NL: After Herāt, it then shows up in the collection of King Alfonso I Naples, the first Spanish Aragonese ruler. So we know that it arrived on the Italian Peninsula in the mid-fifteenth century. Then it passes between a few more prominent collectors before Lorenzo de’Medici famously acquired it in 1471. It was arguably the most prized object in his collection, and people traveled to Florence to see it. An inventory taken of Lorenzo de’Medici’s possession provides a somewhat shocking sense of its value and the degree to which it was admired in fifteenth-century Italy. It lists the Tazza Farnese at a price roughly equivalent to $90 million today.
Scholarship on the Tazza Farnese in particular encapsulates the historiographic biases that I want the dissertation as a whole to confront. Very little has been said about the significance of the vessel at the Neapolitan court, while its presence in Medici Florence has been studied quite thoroughly. Much of the scholarship on the Tazza in the fifteenth century completely ignores its sojourn at the Aragonese court altogether!
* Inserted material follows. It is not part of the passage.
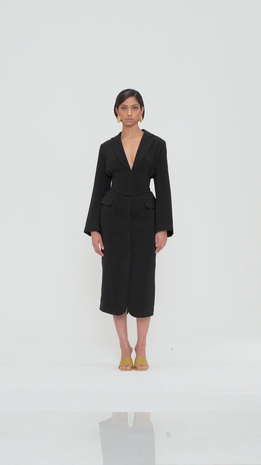 The ZIA CORSET BLAZER DRESS is a classic, designed to back up the confidence of the wearer. Tailored to a loose fit without the belt and a fitted look with its accompanying belt, this look has comfort and versatility at its best.

But I think we cannot overlook the fact that Alfonso was the one to bring it from Central Asia to Italy. How did he cultivate the networks that allowed him to do so? How did he have the reach? What gave him the inclination to spend such an extraordinary sum on this object? Asking these questions will ideally help us to better understand not just the fifteenth-century perception of the Tazza Farnese, but also of Alfonso as a well-networked patron, collector, and tastemaker.
SS: And does that original drawing from the court of Herāt still exist? Have you been able to see it?
NL: It does and it is held at the Berlin State Library. However, there is an exhibition in Milan right now displaying the Tazza Farnese and the drawing in the same room. This is a rare and exciting opportunity to see both artworks together, because the Tazza Farnese is normally housed at the National Archaeological Museum of Naples. So, were I not in Italy with this Kress Fellowship, there’s no way I would be able to travel to see these two objects together.